Процесс культурогенеза имеет издержки, подобно магии, которой Лич уделяет
достаточное внимание. Он справедливо отмечает, что в магии происходит интерпретация
индекса (указательного знака) в качестве сигнала. Такое соскальзывание с индекса на
сигнал происходит во время произнесения колдуном словесных компонентов магических
действий (с. 37—39, 43). Это говорит о том, что магия вторична по отношению к
витальному инструментализму, который в нормальном состоянии в ней не нуждается.

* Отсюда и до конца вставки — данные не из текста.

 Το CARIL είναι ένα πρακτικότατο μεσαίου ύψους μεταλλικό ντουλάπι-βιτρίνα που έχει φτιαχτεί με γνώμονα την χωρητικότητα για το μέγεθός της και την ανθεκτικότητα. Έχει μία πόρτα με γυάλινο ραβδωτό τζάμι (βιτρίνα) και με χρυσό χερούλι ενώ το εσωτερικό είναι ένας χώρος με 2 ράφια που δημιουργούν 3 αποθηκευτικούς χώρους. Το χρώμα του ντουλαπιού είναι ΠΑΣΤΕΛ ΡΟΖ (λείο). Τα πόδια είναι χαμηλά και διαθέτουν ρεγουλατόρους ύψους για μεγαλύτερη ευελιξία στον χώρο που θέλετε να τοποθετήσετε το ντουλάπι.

Можно было бы привести много примеров, в частности из быта охотничьих народов,
которые не используют магию там, где много дичи. Ее применяют, если дичи мало. Магия
включается в зоне риска2. В связи с этим мы должны еще раз подчеркнуть немагический
смысл юрокского и абхазского примеров. Они маркируют дистанцию по отношению к
культуре и вводят ее саму как средство.
Вот здесь, когда мы получили общее представление о том, как «сделана» книга Лича, нам
необходимо вернуться к одному из ее первых разделов. Этот раздел, скромно названный
«Проблемы терминологии», методологически наиболее нагружен. Здесь сосредоточена
коммуникативная теория автора, компактно представленная на схеме 1 (с. 19). По совету
Лича мы, читая книгу, постоянно мысленно к ней возвращались. Здесь Лич, следуя
семиотическим разработкам Малдера и Херви, излагает взаимоотношения
коммуникативной пары, где взаимодействуют: 1) сущность А как носитель послания,
который передает информацию, и 2) послание В. Далее ситуация распадается на два
варианта. Вариант, именуемый «индексом»: здесь А указывает на В.
1 Эриксон Э. Детство и общество. Изд. 2-е, перераб. и доп. СПб. , 1996, с. 253, 258.

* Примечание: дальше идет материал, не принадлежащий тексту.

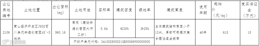 黄山市将挂牌出让位于黄山经济开发区JK02百川单元非遗创意园A5`-3地块的2106号地块使用权,规划用途为商服(建设非遗创意园大师工坊)用地,申请人须于6月25日前提交书面报名材料。
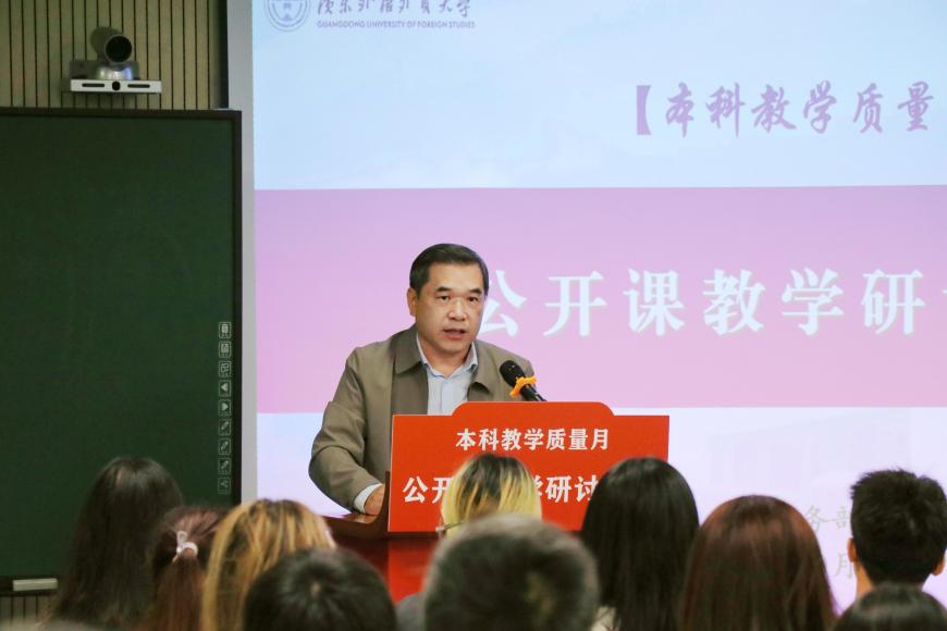 焦方太在活动中致辞。他指出,“本科教学质量月”系列活动作为学校长期坚持的教学活动,发挥着促教、促学、促改、提质的积极作用,本次公开课教研活动是今年本科教学质量月的重要环节。他对教师教学提出了三点要求:要坚守教书育人的职责、坚持以学生为中心的原则、坚定高质量发展的标准。对于课堂教学,他特别指出要坚持高标准、严要求,坚决淘汰“水课”,全力打造“金课”。

2 Абрамян Л. Первобытный праздник и мифология. Ереван, 1982, с. 22.
137
Вариант, именуемый «сигналом»: здесь А вызывает В автоматически. Упомянутый
пример с магией наглядно демонстрирует различие между индексом и символом. Это
основная эвристическая позиция Лича. Она дополнена далее трактовкой терминов
«метафора» и «метонимия», восходящей к концепциям Р. Якобсона и К. Леви-Строса.

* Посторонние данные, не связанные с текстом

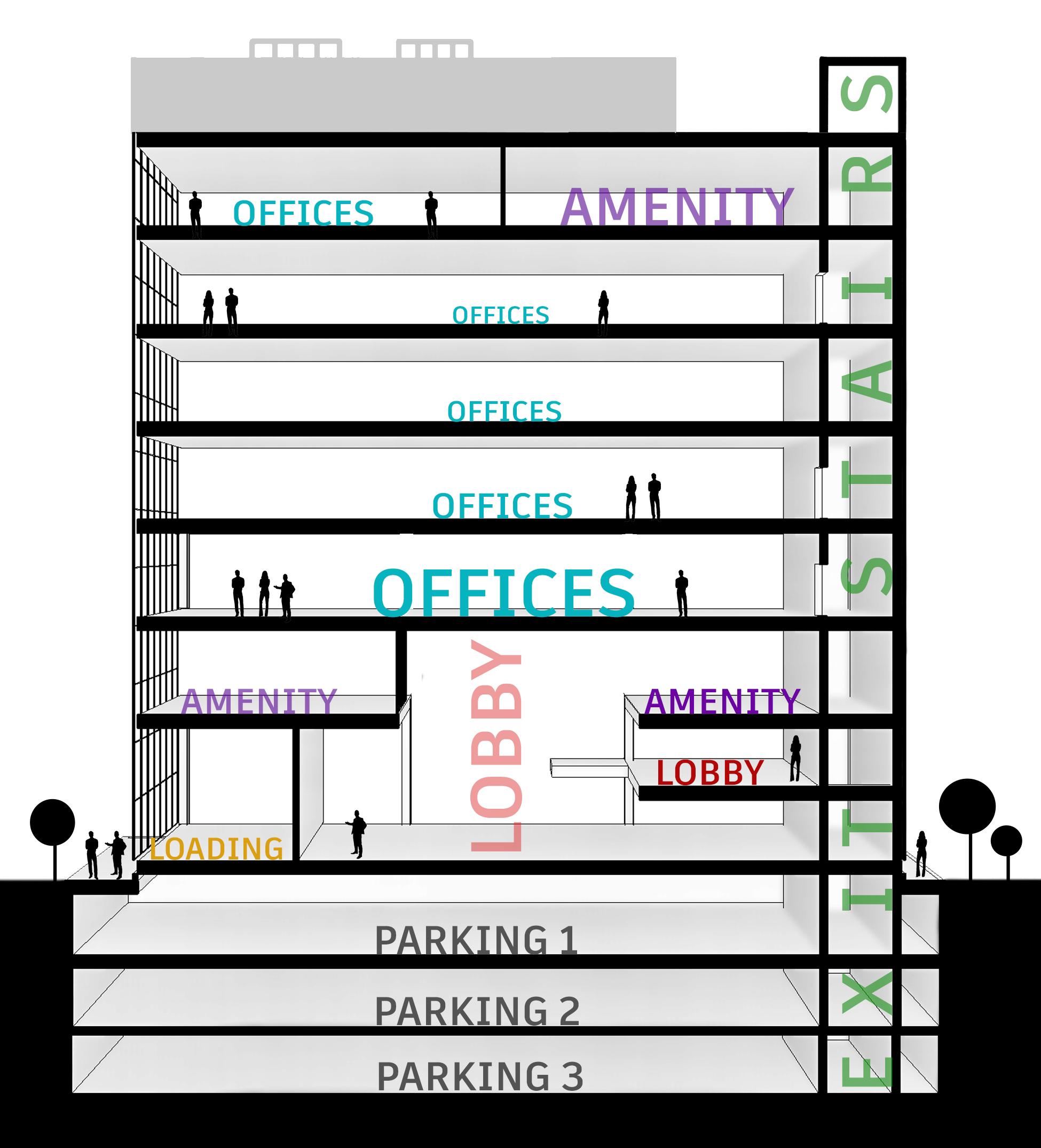 A complex Administration Office building design study specific to a Ryerson campus site. A seven storey building with an area of 1000 sqm.

Этот раздел Лич завершает положением, что разнообразные формы коммуникации
относятся друг к другу как трансформации. Эти констатации заданы Личем как
проблемное ядро культуры, помещаемое им в тот или иной контекст. Все дальнейшее в
данной книге Лич считает построением его собственного профессионального языка,
описывающего эти контексты.
Но мне кажется, что Лич здесь недооценивает самого себя, ибо весь текст его книги
(например, пассаж на с. 25) говорит о том, что он не придерживается крайней точки
зрения Ф. де Соссюра, который мог вообще игнорировать объекты внешнего мира. Этот
внешний мир, выступающий у Лича под именем «сущность», выполняет функцию
носителя послания. В этнографической реальности сознание часто выступает как не-
действие, воздержание от действия, или позиция внешнего наблюдателя. Такая позиция
скрыта в мифе. К сожалению, трактовка мифа у Лича дается то слишком иносказательно
(через описание музыки Бетховена, с. 56—57), то слишком «логично» (как псевдологика, с
86). Собственно, Лич пересказывает здесь определение Леви-Строса, что миф есть
украшение логической мысли и эстетическая перцепция1. В этом мнении, разделяемом
Личем, где он вслед за Леви-Стросом считает, что миф и музыка уничтожают время (с.